— Task details —
Give again, word for word, the line holding "Pair of swivel" and every line after it through the end of the data below. Omit pictures.
** Opening Raw data block **
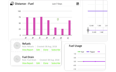 Generate detailed reports and charts for trips, fuel, and maintenance. Use actionable insights to improve operations and reduce costs.
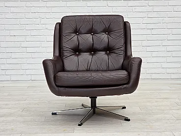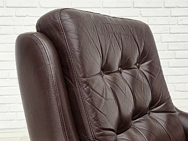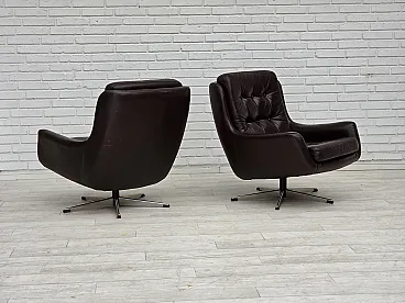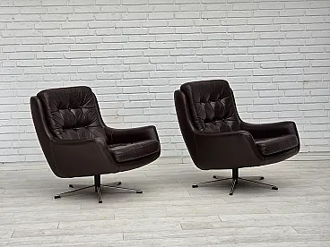 Pair of swivel lounge chairs with footstool, leather, 1970s
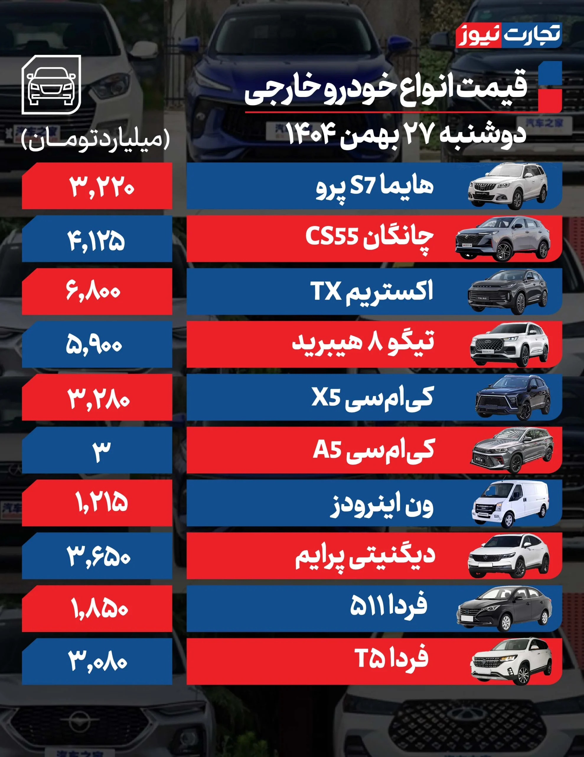 اکستریم TX نسبت به روز معاملاتی پیشین 20 میلیون تومان ارزان شد و به بهای معاملاتی 6 میلیارد و 800 میلیون تومان رسید. از طرف دیگر، تیگو 8 هیبرید 20 میلیون تومان ارزان شد تا با نرخ پنج میلیارد و 900 میلیون تومان در بازار آزاد عرضه شود.
** Closing Raw data block **
— Answer to the exercise —
 Pair of swivel lounge chairs with footstool, leather, 1970s
 اکستریم TX نسبت به روز معاملاتی پیشین 20 میلیون تومان ارزان شد و به بهای معاملاتی 6 میلیارد و 800 میلیون تومان رسید. از طرف دیگر، تیگو 8 هیبرید 20 میلیون تومان ارزان شد تا با نرخ پنج میلیارد و 900 میلیون تومان در بازار آزاد عرضه شود.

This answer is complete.